Start of Block

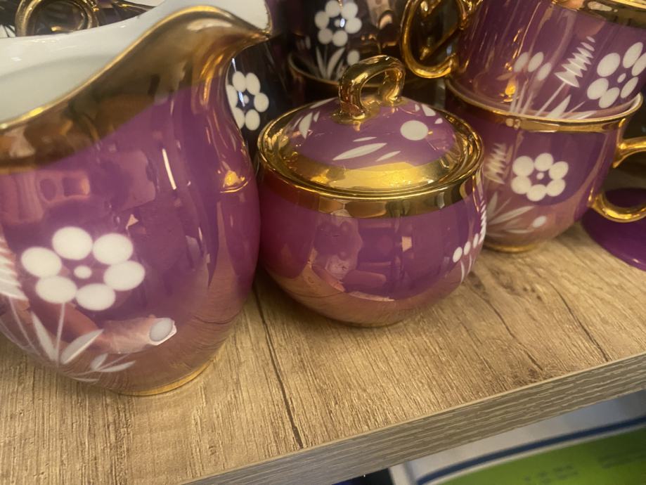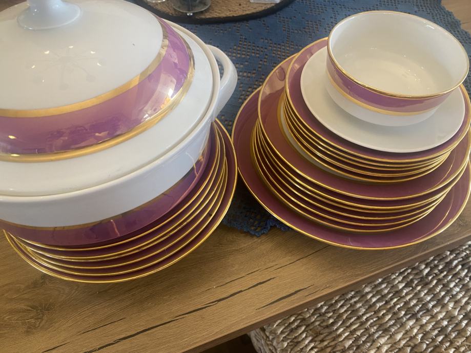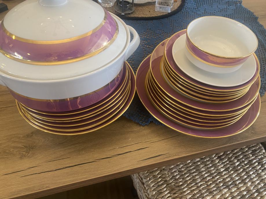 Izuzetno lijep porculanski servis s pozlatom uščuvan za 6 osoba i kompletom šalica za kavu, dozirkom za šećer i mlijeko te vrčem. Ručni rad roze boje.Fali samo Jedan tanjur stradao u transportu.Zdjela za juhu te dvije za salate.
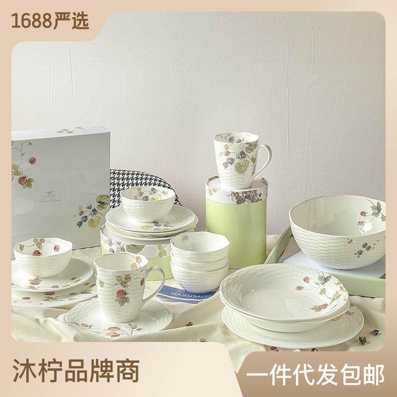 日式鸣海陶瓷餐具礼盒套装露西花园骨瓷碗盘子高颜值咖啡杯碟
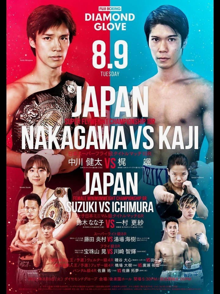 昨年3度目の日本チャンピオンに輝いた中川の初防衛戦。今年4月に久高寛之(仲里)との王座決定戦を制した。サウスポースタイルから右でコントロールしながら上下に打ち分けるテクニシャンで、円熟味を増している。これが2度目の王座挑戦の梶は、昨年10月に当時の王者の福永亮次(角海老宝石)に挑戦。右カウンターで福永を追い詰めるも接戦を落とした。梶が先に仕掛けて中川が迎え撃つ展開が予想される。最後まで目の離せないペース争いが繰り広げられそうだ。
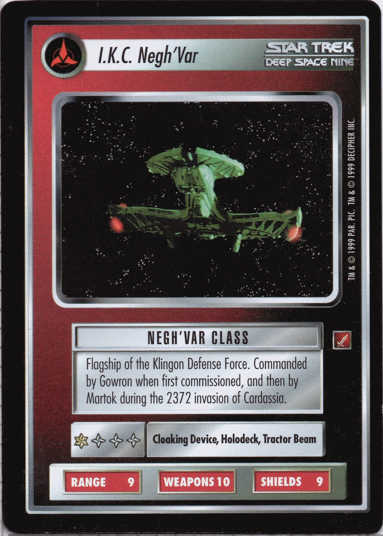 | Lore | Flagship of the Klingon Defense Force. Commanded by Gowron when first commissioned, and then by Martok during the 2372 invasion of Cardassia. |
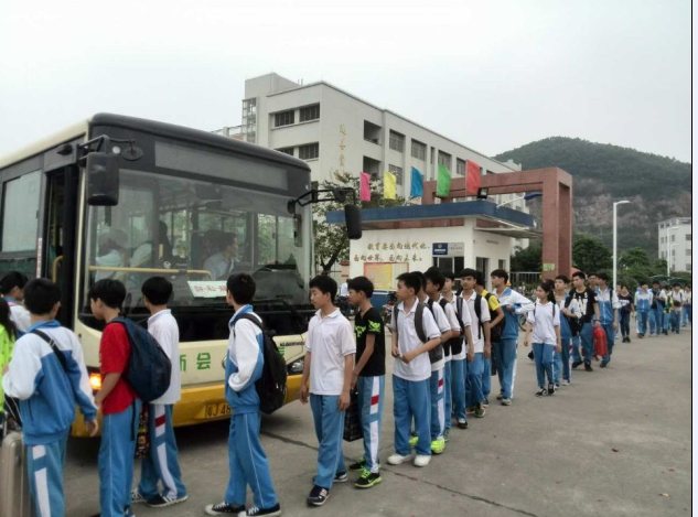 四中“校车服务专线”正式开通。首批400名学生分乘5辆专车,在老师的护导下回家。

End of Block

Task goal ▸ Print, with pictures removed, exactly the lines of the records above from the top through the line containing "日式鸣海陶瓷餐具礼盒套装露西花园骨瓷碗盘子高颜值咖啡杯碟".

Answer to the exercise ▸
 Izuzetno lijep porculanski servis s pozlatom uščuvan za 6 osoba i kompletom šalica za kavu, dozirkom za šećer i mlijeko te vrčem. Ručni rad roze boje.Fali samo Jedan tanjur stradao u transportu.Zdjela za juhu te dvije za salate.
 日式鸣海陶瓷餐具礼盒套装露西花园骨瓷碗盘子高颜值咖啡杯碟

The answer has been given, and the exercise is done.